Hutíes bajo órdenes de Irán escalan la guerra

No sorprende que el estallido de las hostilidades entre Hamás e Israel fuera usado como pretexto por Teherán para calentar más la región, utilizando como es su costumbre, a uno de sus proxys, los hutíes, para hacerle el trabajo sucio.

Hace dos días, una docena de países perdieron la paciencia y la esperanza de que cesaran los ataques de los hutíes contra las embarcaciones comerciales que circulan en el Mar Rojo, y emprendieron una ofensiva armada encabezada por Estados Unidos y Gran Bretaña contra objetivos hutíes en Yemen. Tras una resolución del Consejo de Seguridad de la ONU aprobada el miércoles pasado en la que se condenaban las acciones hutíes de estos últimos dos meses y se les conminaba a ponerles fin, una coalición, encabezada por los gobiernos de Washington y Londres, decidió actuar militarmente luego de que los mecanismos de presión diplomáticos y financieros empleados hasta ese momento no dieran resultados. El comunicado conjunto presentado por EU, Gran Bretaña, Australia, Bahréin, Canadá, Dinamarca, Alemania, Holanda, Nueva Zelanda y Corea del Sur establece que “el objetivo sigue siendo el reducir tensiones y restablecer la estabilidad en el Mar Rojo… por lo que no dudaremos en defender vidas y proteger el libre flujo comercial en una de las vías marítimas más cruciales”.

Los ataques norteamericanos e ingleses de los últimos dos días sobre zonas controladas por los hutíes en Yemen han sido contra bases militares y aeropuertos. Un alto funcionario hutí, Hussein al Ezzi, respondió desafiante que “América y Gran Bretaña deben prepararse para pagar un alto precio y sufrir las consecuencias de esa descarada agresión”, mientras que el presidente Biden declaró que se trata de una operación defensiva legítima tras los ataques en el Mar Rojo. ¿Cómo comenzó este drama que está expandiendo peligrosamente los vientos de guerra en Oriente Medio?

El punto de arranque fue el brutal ataque del Hamás a Israel el 7 de octubre.

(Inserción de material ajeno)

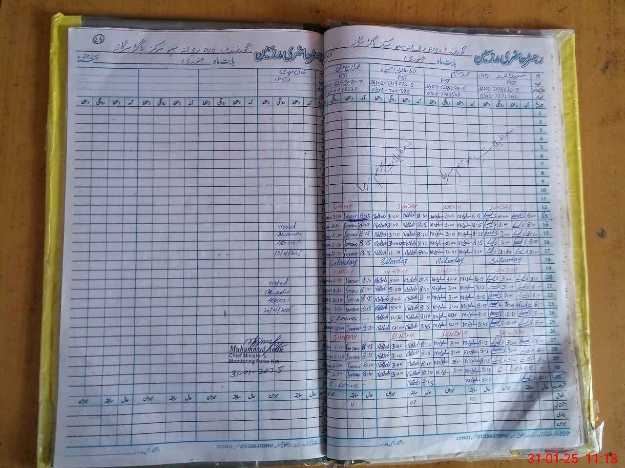 | CNIC | Full Name | Designation | R/C | Absence During Last Calender Month |

A partir de entonces el bando de los hutíes de Yemen decidió iniciar una embestida contra cientos de naves comerciales y buques tanqueros que circulaban por el Mar Rojo. Su justificación: responder al contraataque israelí sobre las huestes de Hamás en Gaza. Pero los disparos de misiles y drones hutíes pronto mostraron ser irrestrictos, tanto sobre blancos que podían tener una relación con Israel, como contra cualquier otra embarcación independientemente de la bandera que portara o propiedad de quien fuera. Además, a mediados de noviembre secuestraron un barco con todo y su tripulación en la que, por cierto, se encontraba un ciudadano mexicano, Arturo Alberto Zacarías, del cual hasta ahora no tenemos noticias.

No hay duda de quién ha estado tras esa ofensiva. El régimen iraní ha sido el principal aliado y patrocinador de los rebeldes chiitas de Yemen, quienes habían estado librando una sangrienta guerra contra el gobierno establecido en ese país a lo largo de nueve años. Por lo que no sorprende que el estallido de las hostilidades entre Hamás e Israel fuera usado como pretexto por Teherán para calentar más la región, utilizando como es su costumbre, a uno de sus proxys, los hutíes, para hacerle el trabajo sucio. La intención provocadora iraní no ha podido ser más clara.

Y es que, desde la implantación del régimen de los ayatolas en 1979, uno de sus dogmas, mantenido hasta la fecha, es que el Estado de Israel debe desaparecer de la faz de la tierra. Por tanto, es de suponer que en la coyuntura actual de crisis extrema que vive Israel, Irán calcula que el caos provocado en el Mar Rojo por donde transita entre 12 y 15 por ciento de la navegación comercial del mundo, contribuirá al debilitamiento político y estratégico de Israel y de quienes de alguna manera lo apoyan.

La controversia internacional alrededor de lo que ocurre específicamente en Gaza está siendo sin duda intensa y apasionada, mucho más que lo que generalmente ocurre ante otros conflictos también graves. Sin embargo, brilla por su ausencia en los debates que ocupan a la opinión pública la perspectiva más amplia acerca de lo que también está en juego, a saber, lo que podría suceder a nivel global si las formaciones políticas y sociales que se apegan a los valores de la democracia y las libertades, sucumben ante los designios y proyectos de organizaciones y regímenes totalitarios de corte fanático religioso, como lo son ahora Irán, Hezbolá, Hamás, los hutíes, el ISIS y los talibanes. Un triunfo de éstos, guiados por principios propios de una mentalidad del siglo XI, pero con armas y tecnología del siglo XXI, significaría uno de los más grandes atentados contra los avances civilizatorios que mal que bien hemos logrado como humanidad.